Nor can this action be maintained for the town’s neglect of its corporate duty concerning the keeping of schools and the providing of school houses — a duty imposed for public purposes exclusively, and without its corporate assent — because no statute gives a private action against a town for an injury caused by a neglect or violation of the school laws, except by St. 1845, c. 214, to a child who is unlawfully excluded from public school instruction.
In order, therefore, to maintain this action, some other legal ground than the defendant’s neglect of.corporate duty must be shown.
The plaintiff’s counsel cited, in support of the action, cases in which municipal corporations were held liable for neglect of corporate duty, under the distinction above stated, to wit, where a special duty bad been imposed on them, or a special authority had been granted to them. Those cases are therefore inapplicable to this.
The counsel also cited the case of Thayer v. City of Boston, 19 Pick. 511, where it was decided that, for a tort, which was the effect of malfeasance, and not of mere neglect or nonfeasance, the city was answerable, if the tortious acts were authorized or ratified by the city, or by its officers who were empowered to act for the city upon the subject to which the tort related. Manifestly that decision is not an authority for the maintenance of this action. For it is not shown, in this case, that the making of the excavation in the school house yard was in itself a wrongful act. The purpose for which the case states that it was made, rather leads to the presumption that it was a proper *545and justifiable act at the time it was done. In the other case, the acts for which the city was held answerable in damages were wholly unwarranted, and wrongful ab initia.
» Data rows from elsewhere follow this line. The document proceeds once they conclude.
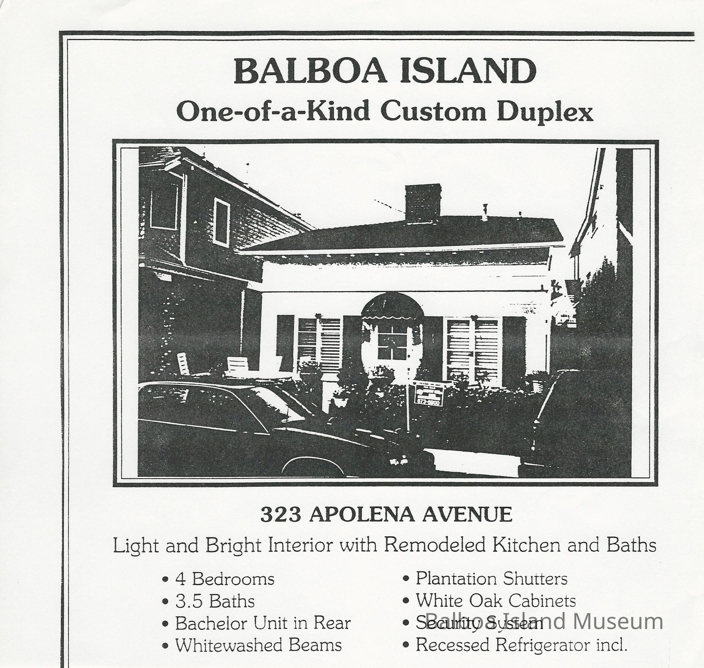 A black and white photocopy of a real estate flyer for 323 Apolena Avenue. The flyer touts a remodeled kitchen and baths. It was originally in color.Collection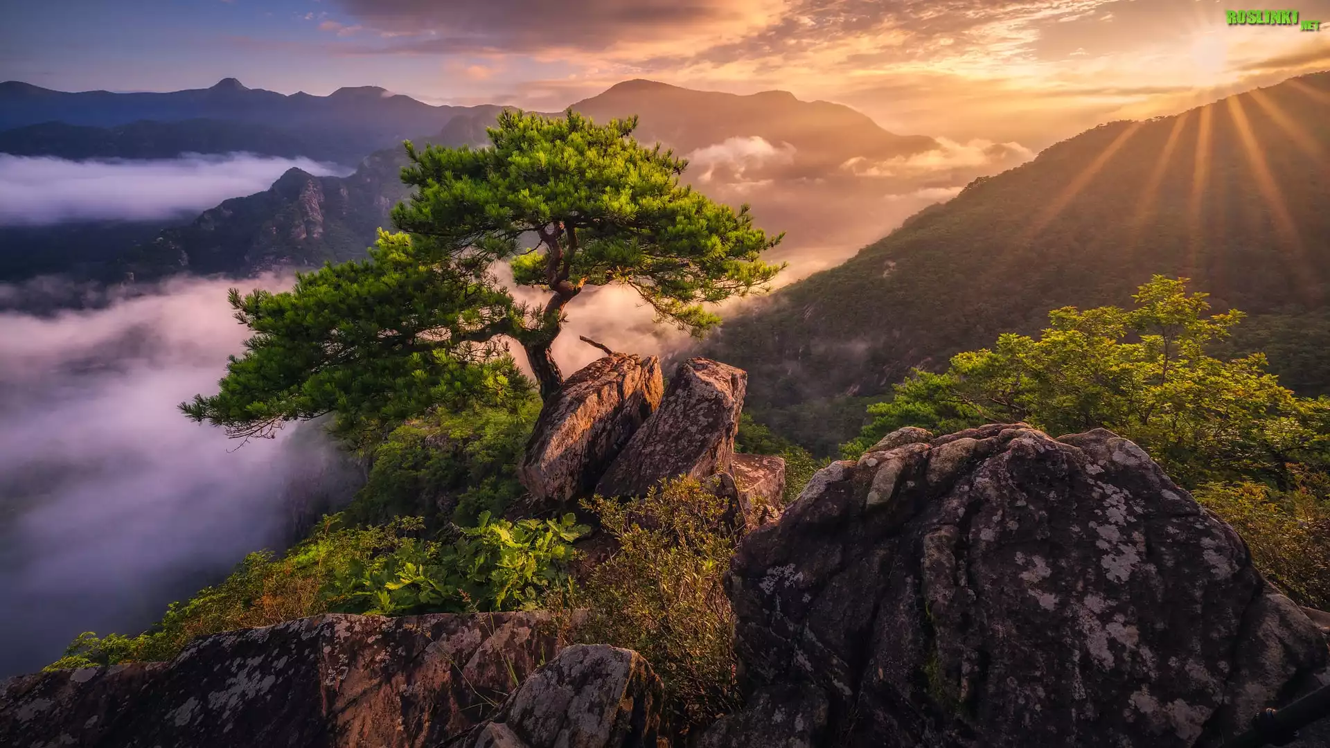 Rośliny: Góry, Wschód słońca, Skały, Drzewa, Sosny, Mgła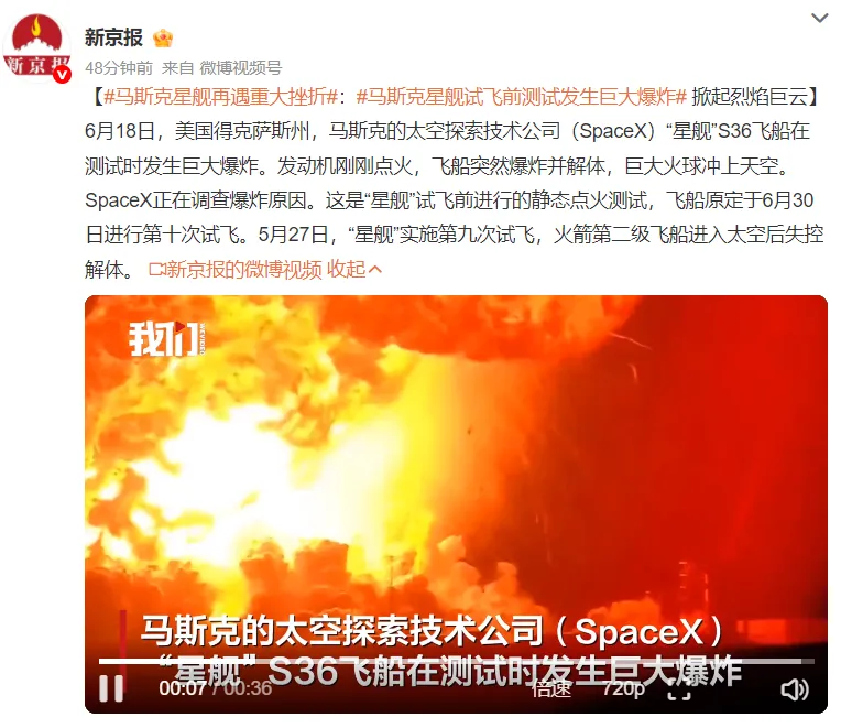 6月18日,美国得克萨斯州,马斯克的太空探索技术公司(SpaceX)“星舰”S36飞船在测试时发生巨大爆炸。发动机刚刚点火,飞船突然爆炸并解体,巨大火球冲上天空。SpaceX正在调查爆炸原因。这是“星舰”试飞前进行的静态点火测试,飞船原定于6月30日进行第十次试飞。5月27日,“星舰”实施第九次试飞,火箭第二级飞船进入太空后失控解体。

Besides ; if it were certain that the making of the excavation was wrongful — a mere malfeasance — the town never authorized nor ratified it; nor does it appear that it was authorized or ratified by any ' officers or agents of the town, who were empowered to act in providing the school house. The case states that the excavation was made “ under the authority of the selectmen of the town.” But we understand this to mean, not that the selectmen had legal authority in the matter, but that they gave direction or consent that - it should be made. What authority they had, more than any other men in the town, is not shown.
The sole ground of this action, therefore, is the neglect by the defendants, of their corporate duty respecting school houses —- their neglect to adopt suitable precautions to secure those who had a right to frequent the school house yard, from falling into the excavation. And we are not disposed to deny that although they were not bound by statute to prepare a school house for the district, yet that when they assumed to do it, as they were authorized by the Rev. Sts. c. 23, § 32, they incurred all the obligations and liabilities to which they would have been subject, if they had been required, by statute, to prepare the house.
The question then is, whether the defendants are answerable, on the facts in this case, for the special injury sustained by the plaintiff through their neglect to provide a safe place for her attendance at school. We are of opinion that they are not. The wrong which the facts show is not malfeasance, but mere neglect of that kind of corporate duty, for the neglect of which, as we have seen, a town is liable to a private action only when it is given by statute.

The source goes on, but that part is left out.